Apparently, that room full of health care lobbyists and partisan critics didn’t want to hear the truth: American health policy in its current form is an absolute and utter failure. The Department of Health and Human Services (HHS), the largest health bureaucracy in the world, needs an overhaul and it needs to happen fast. 

The backlash Calley encountered Wednesday came just 24 hours after HHS began laying off 10,000 federal employees — including entrenched officials from agencies like the FDA, NIH, and CMS, who have presided over a stunning collapse in American health. 

Shortly after Secretary Kennedy’s announcement of the restructuring, the former FDA Commissioner Dr. Robert Califf went on his LinkedIn page and stated ‘The FDA as we’ve known it is finished.’ 

Thank goodness it’s finished. 

Decades of ineffectiveness have allowed our food and chemical corporations to inundate our food system with novel chemicals without third-party oversight or necessary safety studies.  

Decades of outdated regulatory actions have let American companies poison us with ingredients they don’t use in other countries — like artificial food dyes that are linked to hyperactivity in children and cancer in animal studies. 

Decades of poor nutritional standards have allowed infant formulas with the first ingredient — ‘corn syrup solids’ — a form of added refined sugar — to be given to newborn babies.

If our health authorities worked, we wouldn’t be the sickest developed country on Earth.

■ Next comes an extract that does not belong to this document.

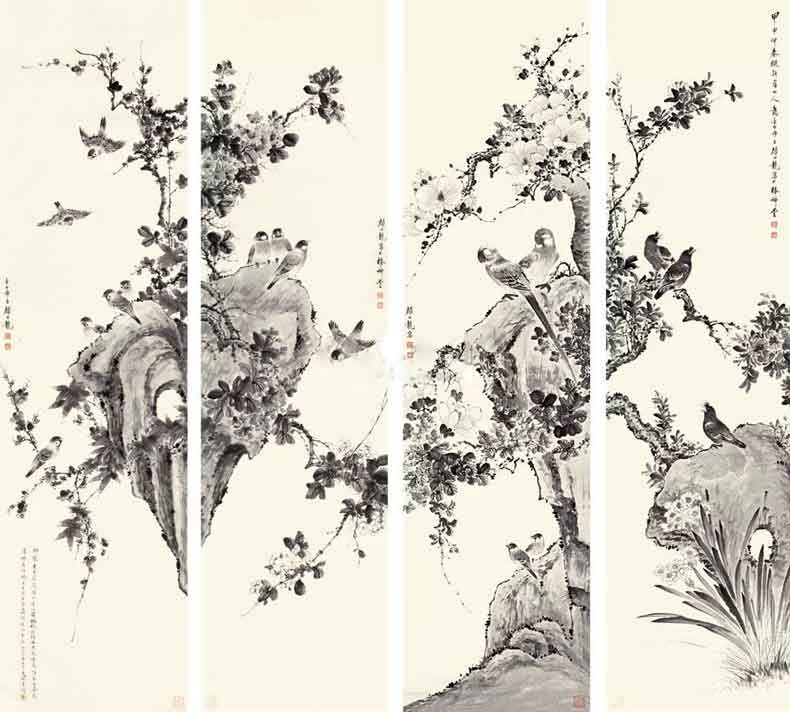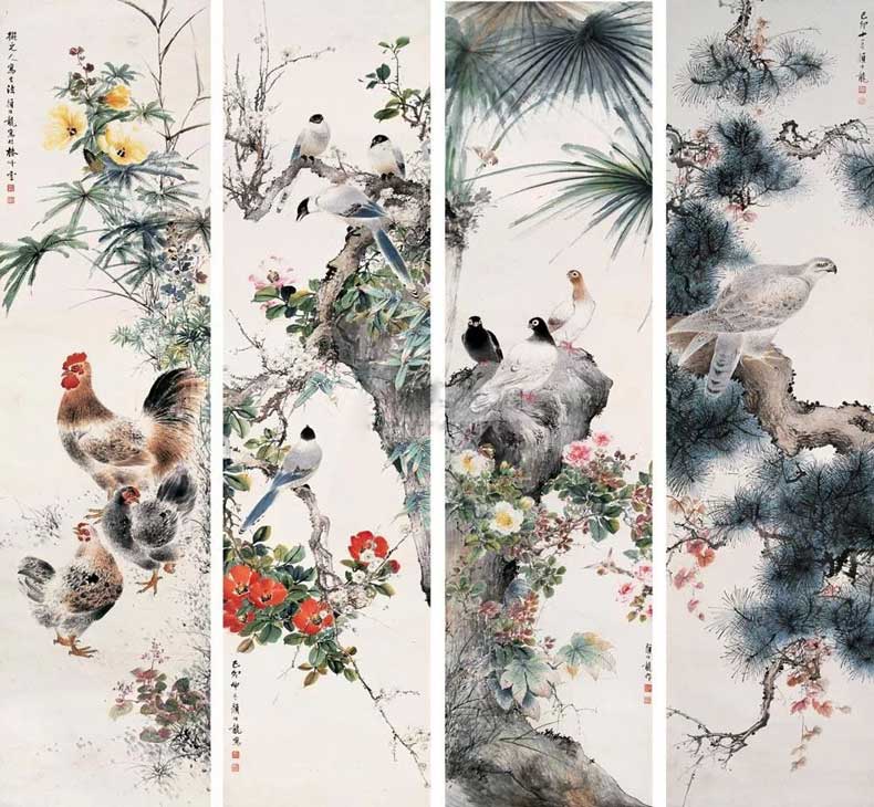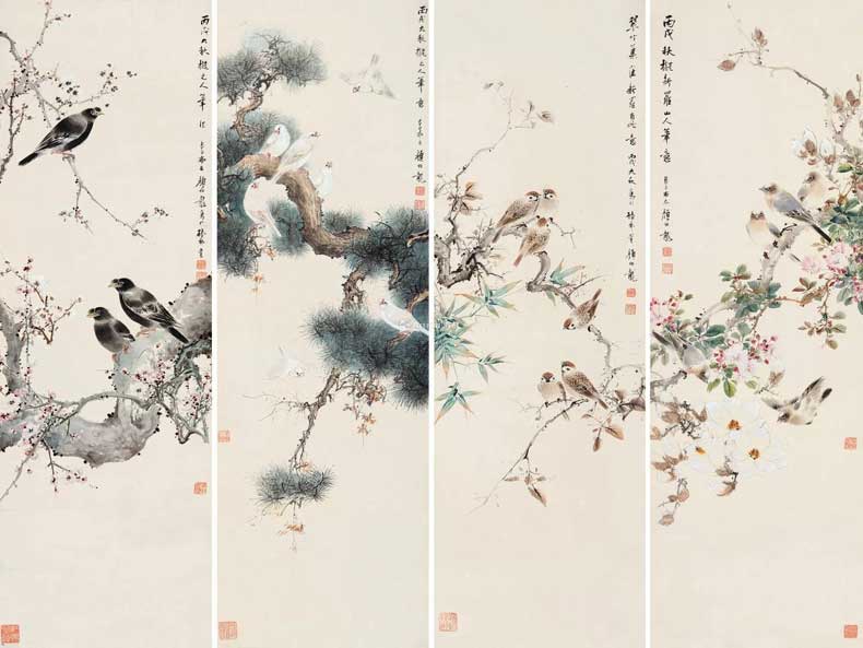 8、1939年作 花鸟 四屏 110.00万

We wouldn’t have exploding rates of obesity, infertility, and depression. The facts speak louder than the boos.

We need a total overhaul in how our regulatory bodies operate. We need to replace old thinking. We need new personnel who aren’t riddled with conflicts of interest. We need gold-star science that will get to the root cause of why we are in this predicament and how to solve it. 

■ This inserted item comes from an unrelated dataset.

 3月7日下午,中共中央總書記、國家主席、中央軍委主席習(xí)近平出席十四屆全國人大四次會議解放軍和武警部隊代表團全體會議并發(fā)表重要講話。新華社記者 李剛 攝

Our government has miserably failed to protect human health and there are countless examples of that — but now with President Donald Trump and Secretary Kennedy’s bold vision to reverse chronic disease, we have a turning point in history that we’ve never had before.  

What Calley said at the summit wasn’t complicated: the people who helped create this crisis shouldn’t be the ones running the response. And yet, when he pointed out that America has ‘the sickest children in the developed world’ — and that laughing off reform in the face of that reality is disgraceful — the room turned hostile. 

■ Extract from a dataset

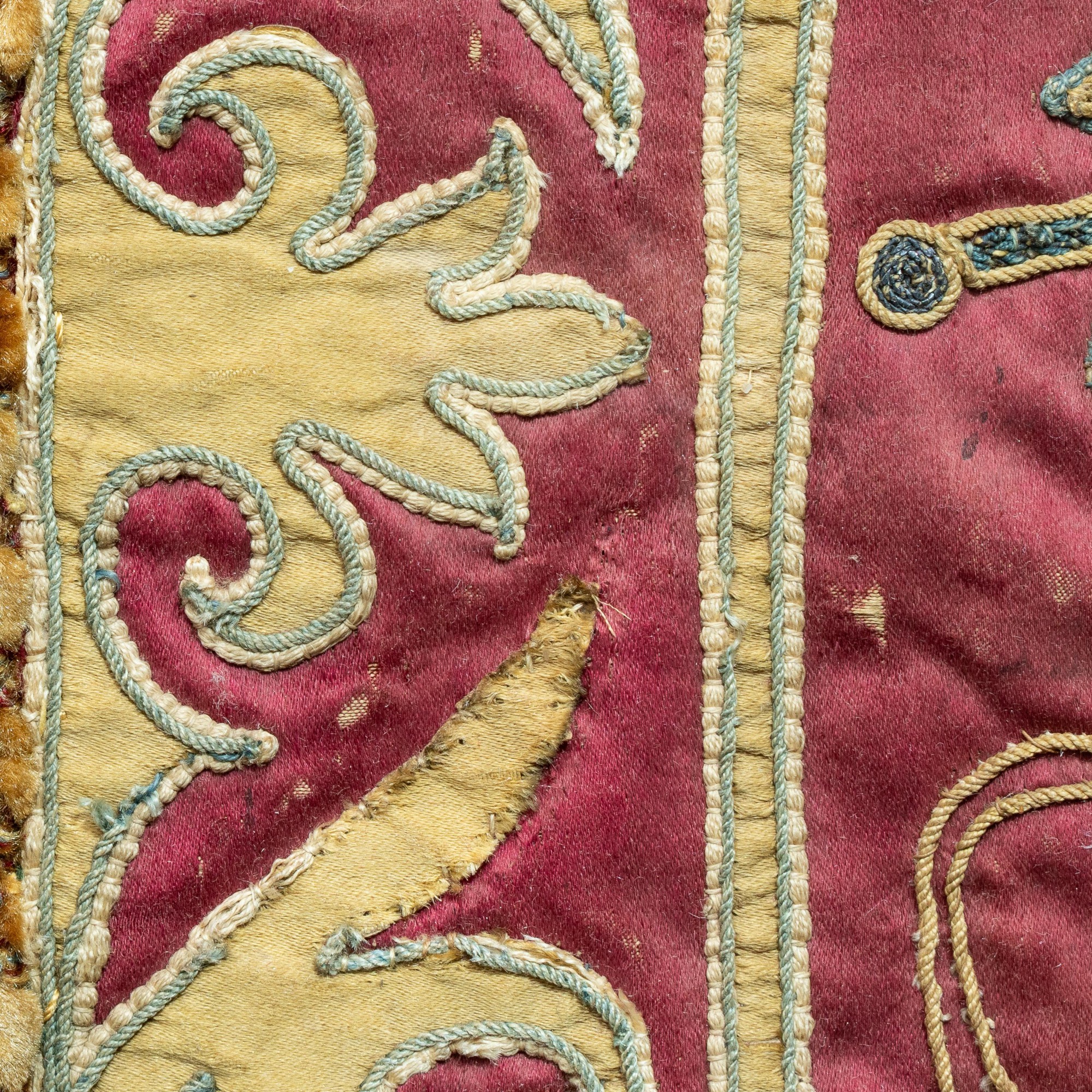 A needlework and appliqué silk cushion cover, Italian or possibly Spanish, circa 1600-40

He argued that Secretary Kennedy is doing exactly what voters — particularly MAHA moms like me — asked for: removing entrenched bureaucrats who labeled independent experts as quacks, punished dissent, and brushed aside soaring chronic disease rates– ignoring the fact that food is medicine. To do otherwise, as Calley put it, is ‘to tell the MAHA moms that their votes and voices are not legitimate.’ 

People voted for change. Not for minor tweaks — for structural disruption. And that’s why the MAHA moms are done being laughed at. I understand the outrage. But I also understand what’s at stake. 

If our health authorities worked, we wouldn’t be the sickest developed country on Earth. We wouldn’t have exploding rates of obesity, infertility, and depression. The facts speak louder than the boos.

And let’s be clear: this isn’t the first time reform has made the elite uncomfortable. Calley is a warrior like I’ve never seen before. He is doing what real reformers always do — facing down institutions that protect themselves at all costs. And he has an army of MAHA moms behind him. 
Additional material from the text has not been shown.